*Work order:* Write out exactly the lines of the entries below from the one holding "按下 preview按鈕,界" to the one holding "American tenor (1903-1983), who", inclusive, and leave out all other lines.

*Source material:*
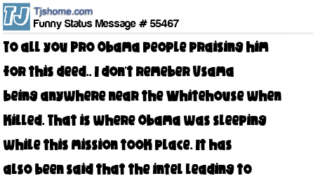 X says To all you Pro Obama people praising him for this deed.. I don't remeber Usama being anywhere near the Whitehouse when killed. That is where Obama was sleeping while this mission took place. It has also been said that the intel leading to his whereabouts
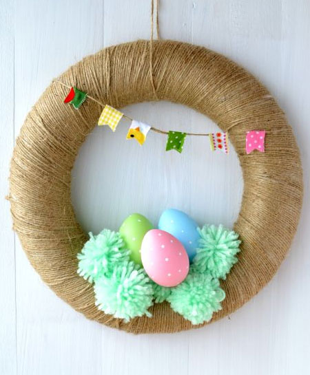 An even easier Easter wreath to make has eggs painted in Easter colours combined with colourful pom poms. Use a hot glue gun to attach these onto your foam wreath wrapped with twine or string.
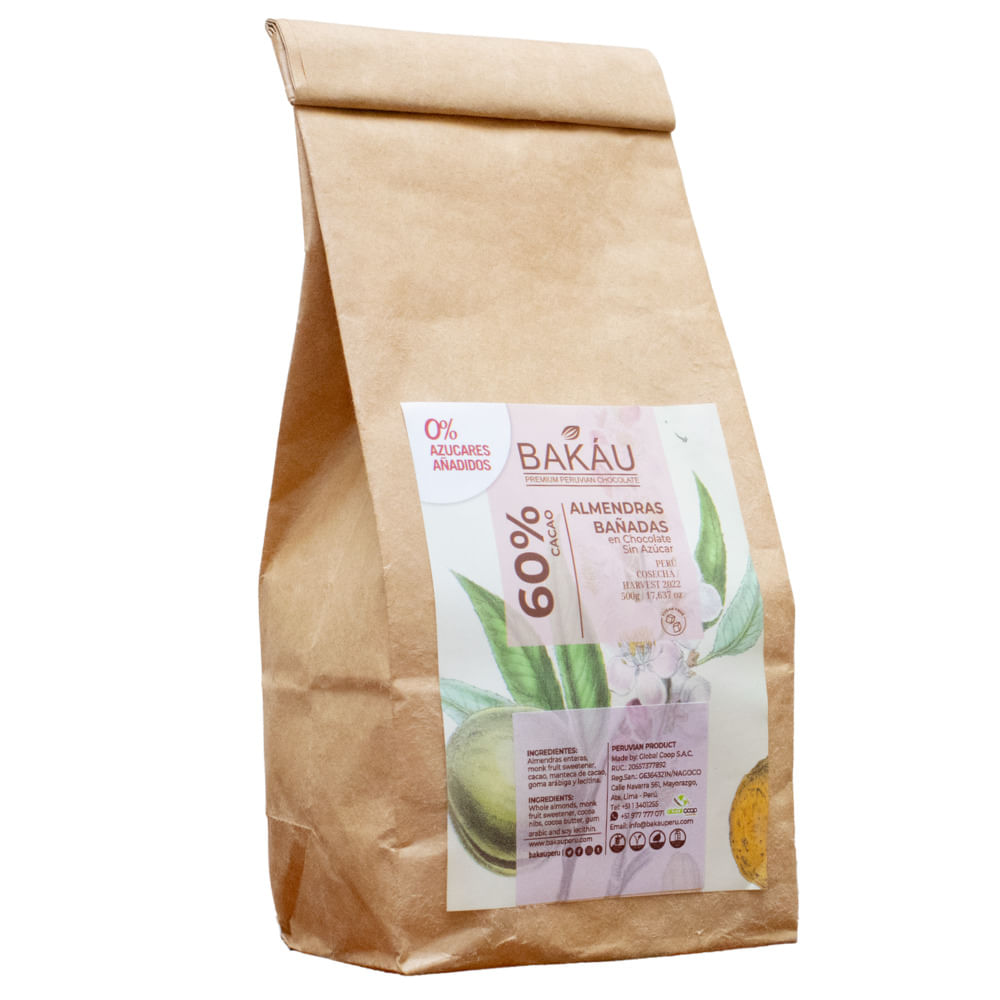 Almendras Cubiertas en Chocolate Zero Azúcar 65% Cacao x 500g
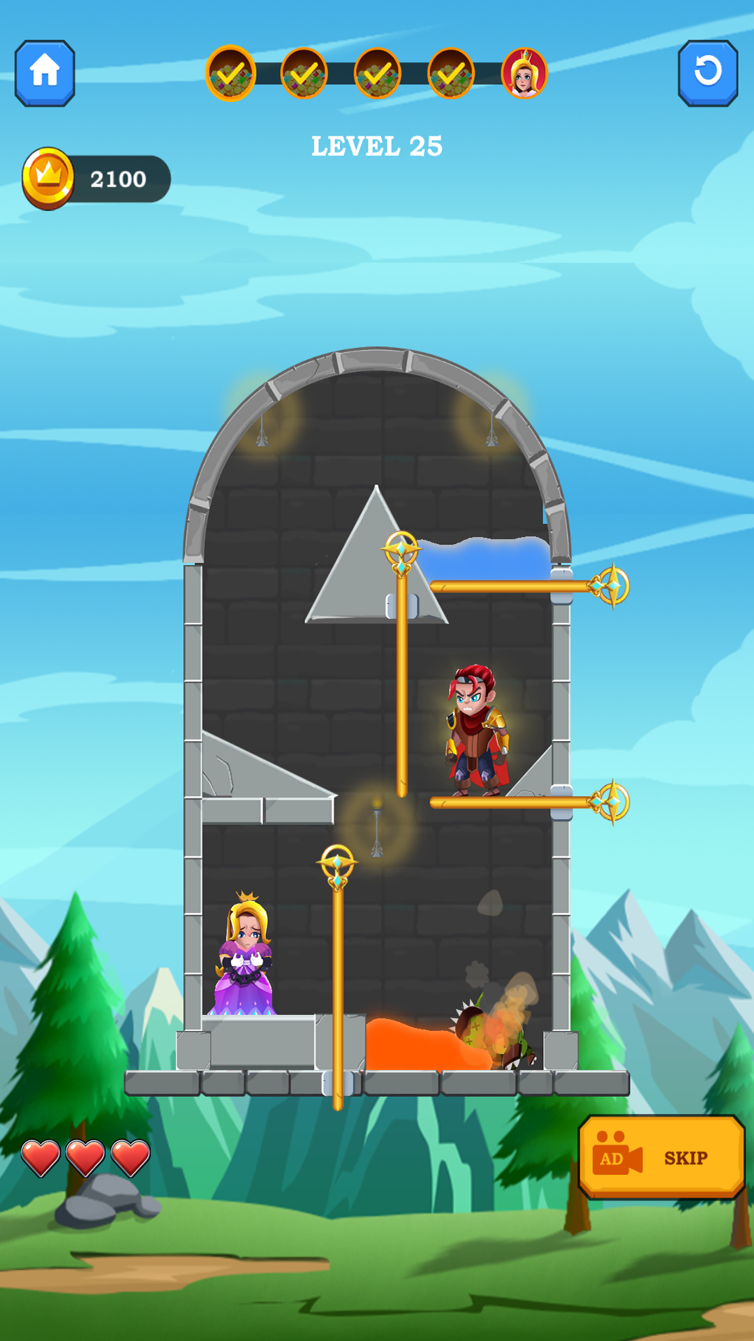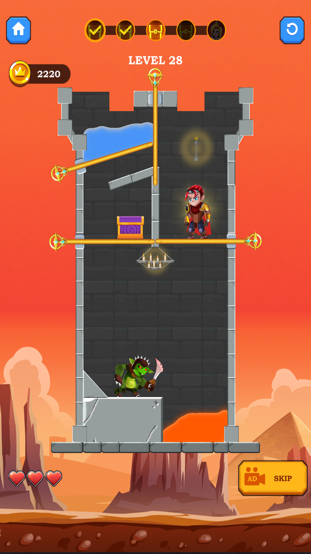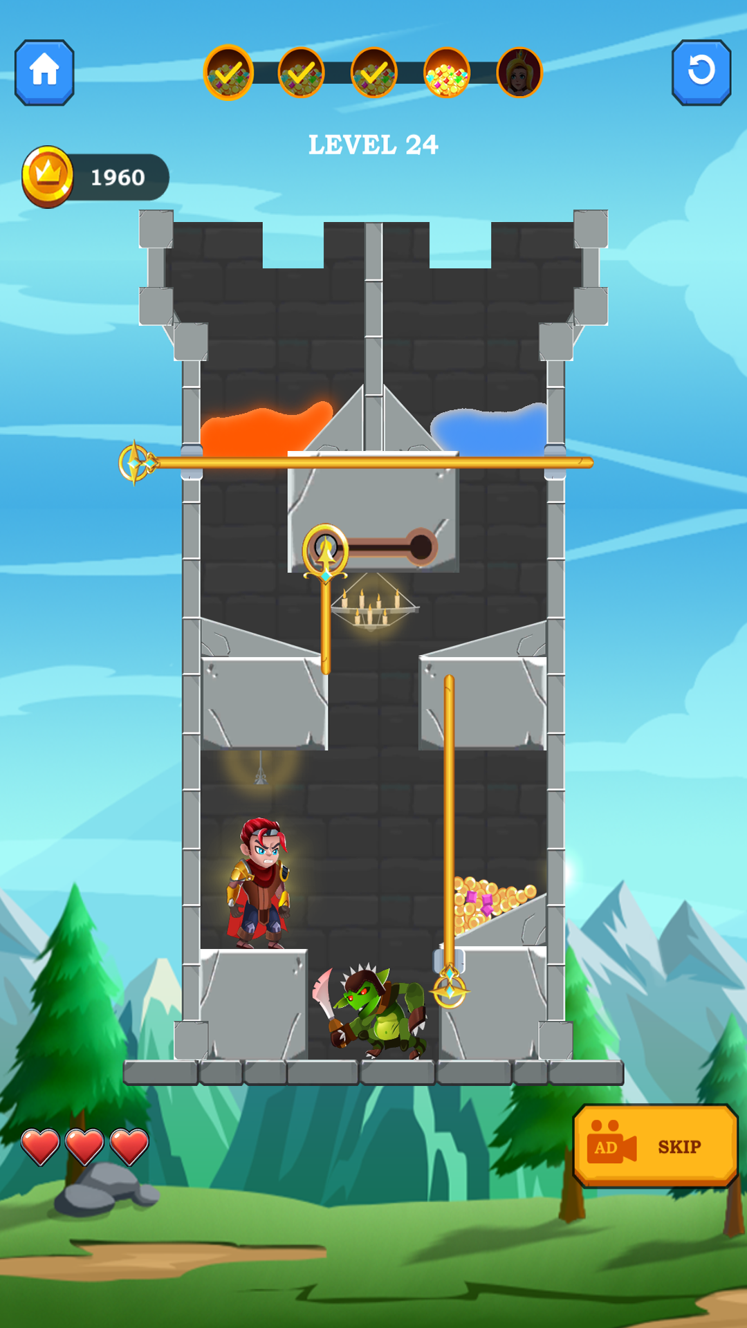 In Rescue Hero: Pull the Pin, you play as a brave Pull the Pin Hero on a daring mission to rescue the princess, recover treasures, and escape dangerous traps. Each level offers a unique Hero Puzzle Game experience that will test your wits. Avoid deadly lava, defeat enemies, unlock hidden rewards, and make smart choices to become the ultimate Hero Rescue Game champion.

...

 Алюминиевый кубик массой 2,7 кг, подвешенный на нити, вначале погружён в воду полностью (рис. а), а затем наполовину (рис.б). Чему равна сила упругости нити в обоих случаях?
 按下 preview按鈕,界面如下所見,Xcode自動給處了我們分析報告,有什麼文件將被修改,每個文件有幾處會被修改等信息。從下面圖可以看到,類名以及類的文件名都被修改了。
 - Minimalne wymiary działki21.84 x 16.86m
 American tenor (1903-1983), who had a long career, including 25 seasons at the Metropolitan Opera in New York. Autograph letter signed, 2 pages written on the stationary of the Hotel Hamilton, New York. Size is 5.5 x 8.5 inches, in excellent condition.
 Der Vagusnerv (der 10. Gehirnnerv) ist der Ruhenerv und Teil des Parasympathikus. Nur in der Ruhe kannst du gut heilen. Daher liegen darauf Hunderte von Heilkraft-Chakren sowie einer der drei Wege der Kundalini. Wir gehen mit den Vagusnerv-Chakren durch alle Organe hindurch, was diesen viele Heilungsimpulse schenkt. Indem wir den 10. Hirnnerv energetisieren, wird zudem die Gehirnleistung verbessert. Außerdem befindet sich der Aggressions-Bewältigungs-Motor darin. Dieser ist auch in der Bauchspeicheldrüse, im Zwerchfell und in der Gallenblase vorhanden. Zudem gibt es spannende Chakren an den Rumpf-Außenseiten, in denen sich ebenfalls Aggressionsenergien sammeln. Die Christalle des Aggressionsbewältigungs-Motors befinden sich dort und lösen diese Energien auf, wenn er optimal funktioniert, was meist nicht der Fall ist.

*Result of this task:*
 按下 preview按鈕,界面如下所見,Xcode自動給處了我們分析報告,有什麼文件將被修改,每個文件有幾處會被修改等信息。從下面圖可以看到,類名以及類的文件名都被修改了。
 - Minimalne wymiary działki21.84 x 16.86m
 American tenor (1903-1983), who had a long career, including 25 seasons at the Metropolitan Opera in New York. Autograph letter signed, 2 pages written on the stationary of the Hotel Hamilton, New York. Size is 5.5 x 8.5 inches, in excellent condition.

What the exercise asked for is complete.